Nick Fisk <nick@xxxxxxxxxx> · Tue, 5 Jul 2016 09:54:12 +0100

> -----Original Message-----
> From: Alex Gorbachev [mailto:ag@xxxxxxxxxxxxxxxxxxx]
> Sent: 04 July 2016 22:00
> To: Nick Fisk <nick@xxxxxxxxxx>
> Cc: Oliver Dzombic <info@xxxxxxxxxxxxxxxxx>; ceph-users <ceph-
> users@xxxxxxxxxxxxxx>; mq <maoqi1982@xxxxxxx>; Christian Balzer
> <chibi@xxxxxxx>
> Subject: Re: 
> suse_enterprise_storage3_rbd_LIO_vmware_performance_bad
> 
> HI Nick,
> 
> 
> On Fri, Jul 1, 2016 at 2:11 PM, Nick Fisk <nick@xxxxxxxxxx> wrote:
> 
> <snip>
> 
> > However, there are a number of pain points with iSCSI + ESXi + RBD and
> they all mainly centre on write latency. It seems VMFS was designed around
> the fact that Enterprise storage arrays service writes in 10-100us, whereas
> Ceph will service them in 2-10ms.
> >
> > 1. Thin Provisioning makes things slow. I believe the main cause is that
> when growing and zeroing the new blocks, metadata needs to be updated
> and the block zero'd. Both issue small IO which would normally not be a
> problem, but with Ceph it becomes a bottleneck to overall IO on the
> datastore.
> >
> > 2. Snapshots effectively turn all IO into 64kb IO's. Again a traditional SAN
> will coalesce these back into a stream of larger IO's before committing to
> disk. However with Ceph each IO takes 2-10ms and so everything seems
> slow. The future feature of persistent RBD cache may go a long way to
> helping with this.
> 
> Are you referring to ESXi snapshots?  Specifically, if a VM is running off a
> snapshot
> (https://kb.vmware.com/selfservice/microsites/search.do?language=en_US
> &cmd=displayKC&externalId=1015180),
> its IO will drop to 64KB "grains"?

Yep, that’s the one

> 
> > 3. >2TB VMDK's with snapshots use a different allocation mode, which
> happens in 4kb chunks instead of 64kb ones. This makes the problem 16
> times worse than above.
> >
> > 4. Any of the above will also apply when migrating machines around, so
> VM's can takes hours/days to move.
> >
> > 5. If you use FILEIO, you can't use thin provisioning. If you use BLOCKIO,
> you get thin provisioning, but no pagecache or readahead, so performance
> can nose dive if this is needed.
> 
> Would not FILEIO also leverage the Linux scheduler to do IO coalescing and
> help with (2) ?  Since FILEIO also uses the dirty flush mechanism in page cache
> (and makes IO somewhat crash-unsafe at the same time).
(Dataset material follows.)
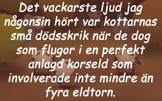 Jag bär på en naiv tro att den mysiga stämningen och plinke-plonkiga-musiken ska vara balsam för min själ, när jag i själva verket bara sitter och skriker ”Mina ba-ah-ahrn…!” när våg efter våg med spindlar ninjar sig förbi mina listigt placerade torn och mumsar i sig hela jädrans dagiset. Detta till trots, älskar jag det här spelet.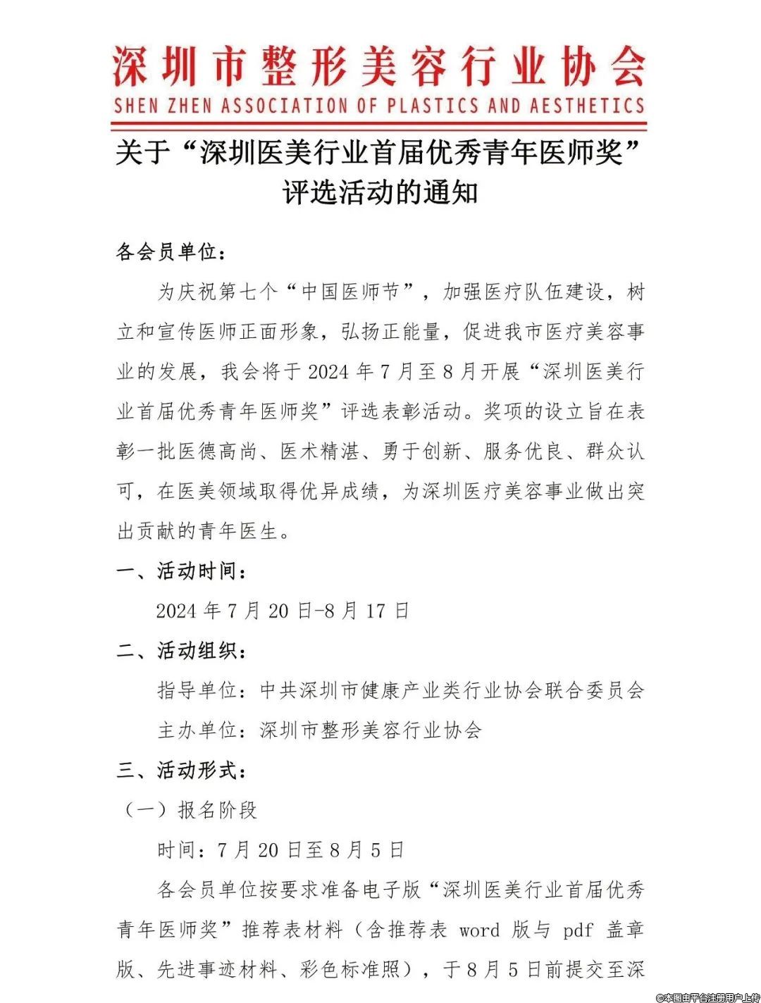 關(guān)于“深圳醫(yī)美行業(yè)首屆優(yōu)秀青年醫(yī)師獎(jiǎng)”評(píng)選活動(dòng)的通知

Turning off nv_cache and enabling write_through, should make this safe, but then you won't benefit from any writeback flushing.

> 
> > 6. iSCSI is very complicated (especially ALUA) and sensitive. Get used to
> seeing APD/PDL even when you think you have finally got everything
> working great.
> 
> We were used to seeing APD/PDL all the time with LIO, but pretty much have
> not seen any with SCST > 3.1.  Most of the ESXi problems are with just with
> high latency periods, which are not a problem for the hypervisor itself, but
> rather for the databases or applications inside VMs.

Yeah I think once you get SCST working, it's pretty stable. Certainly the best of the bunch. But I was more referring to "actually getting it working" :-) 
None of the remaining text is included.